En l'espèce, outre le défaut de preuve d'un risque de conséquences manifestement excessives en cas de poursuite de l'exécution provisoire, il ne peut qu'être relevé que si, évoquant un futur procédural, la société Comap indique qu'elle 'produira dans le cadre de la procédure au fond toutes les lettres de rupture (...)', force est de constater que les dites lettres ne sont pas versées aux débats à la présente instance alors que les premiers juges, statuant en formation de départage, ont expressément relevé la piètre lisibilité du registre unique du personnel produit et le fait que ce faisant, n'était pas rapportée 'la preuve qu'il s'agit de démission ou de causes de rupture excluant l'établissement d'un plan de sauvegarde de l'emploi (...)', éléments ayant conduit la juridiction de première instance à considérer que le licenciement de M. [D] ne pouvait intervenir sans qu'ait été élaboré un PSE, de telle sorte que le dit licenciement se trouvait entaché de nullité en application des articles L1235-10, L1235-11 et L1233-61 du code du travail.
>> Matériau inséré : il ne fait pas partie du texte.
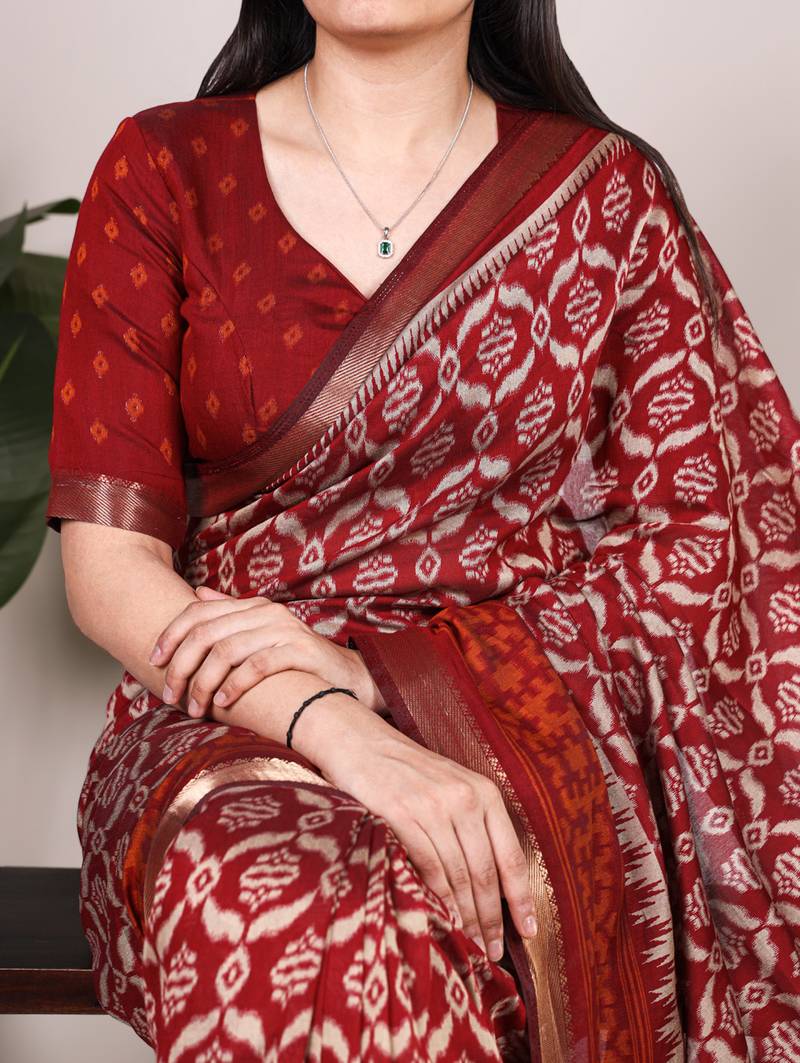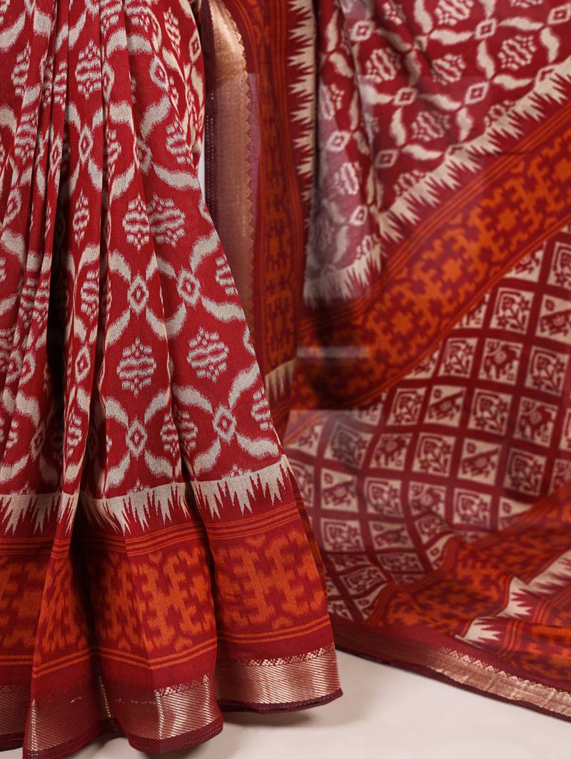 Polyester viscose chanderi ikat print saree with rich zari weaving border

La demande de consignation est injustifiée et doit être rejetée.

3- Sur la demande de constitution d'une garantie :

L'article 517 du code de procédure civile dispose : 'L'exécution provisoire peut être subordonnée à la constitution d'une garantie, réelle ou personnelle, suffisante pour répondre de toutes restitutions ou réparations'.
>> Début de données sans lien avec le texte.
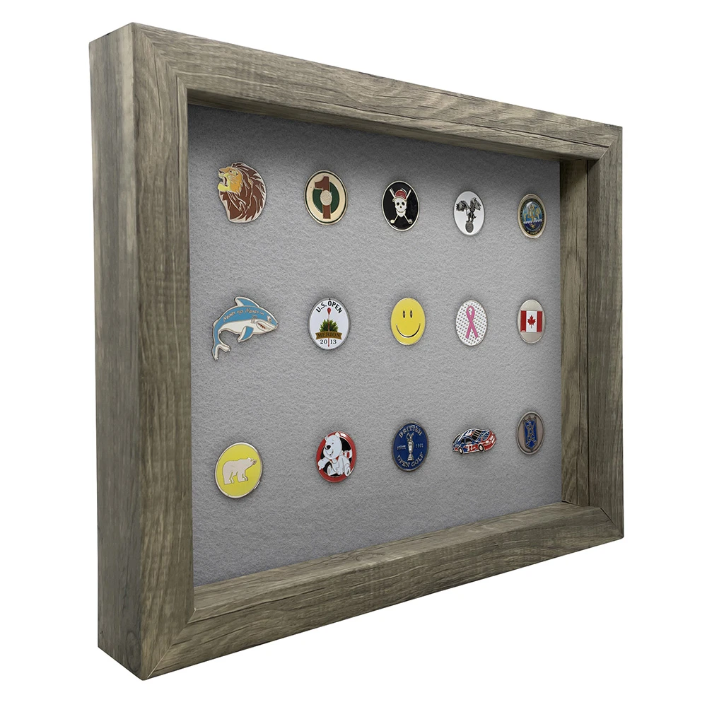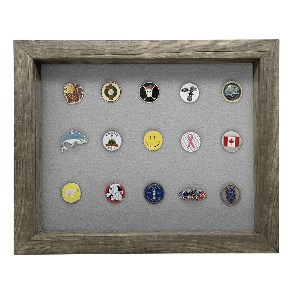 This golf ball marker display frame will let you proudly display your collection with our easy-to-use magnets. Felt covers a metal sheet that our ball marker holders strongly cling to, letting you add, remove, and reorganize your collection as it grows. The acrylic cover that easily slides in will protect your collection from harmful sunlight, dust, and curious onlookers alike. It includes 20 golf ball marker magnets for flat-style markers.

En l'espèce et ainsi que cela résulte des développements qui précèdent, la société Comap qui procède par voie d'affirmation sur un risque d'insolvabilité de M. [D] tout en se dispensant de produire tous éléments comptables certifiés et/ou attestations comptables, ne justifie pas d'une quelconque insolvabilité l'empêchant de régler les causes du jugement querellé.

Il ne saurait être exigé dans un tel contexte de M. [D] qu'il doive constituer une garantie réelle ou personnelle pour répondre d'éventuelles restitutions.

La demande sera rejetée.

4- Sur les dépens et frais irrépétibles :

En application de l'article 696 du code de procédure civile, les dépens de la présente instance seront supportés par la société Comap qui échoue en ses demandes.

L'équité commande de condamner la société Comap à payer à M. [D] une indemnité d'un montant de 1.500 euros sur le fondement des dispositions de l'article 700 du code de procédure civile.

PAR CES MOTIFS

Statuant publiquement, contradictoirement, par ordonnance mise à la disposition des parties au greffe,

Déboutons la société Aalberts HFC Comap SA de toutes ses demandes ;

Rappelons qu'en vertu de l'article L 111-10 alinéa 2 du code des procédures civiles d'exécution, l'exécution est poursuivie aux risques du créancier. Celui-ci rétablit le débiteur dans ses droits en nature ou par équivalent si le titre est ultérieurement modifié ;

Condamnons la société Aalberts HFC Comap SA à payer à M. [D] la somme de 1.500 euros sur le fondement des dispositions de l'article 700 du code de procédure civile ;

Condamnons la société Aalberts HFC Comap SA aux dépens de l'instance en référé.

LE GREFFIER, LE DÉLÉGUÉ DU PREMIER PRÉSIDENT.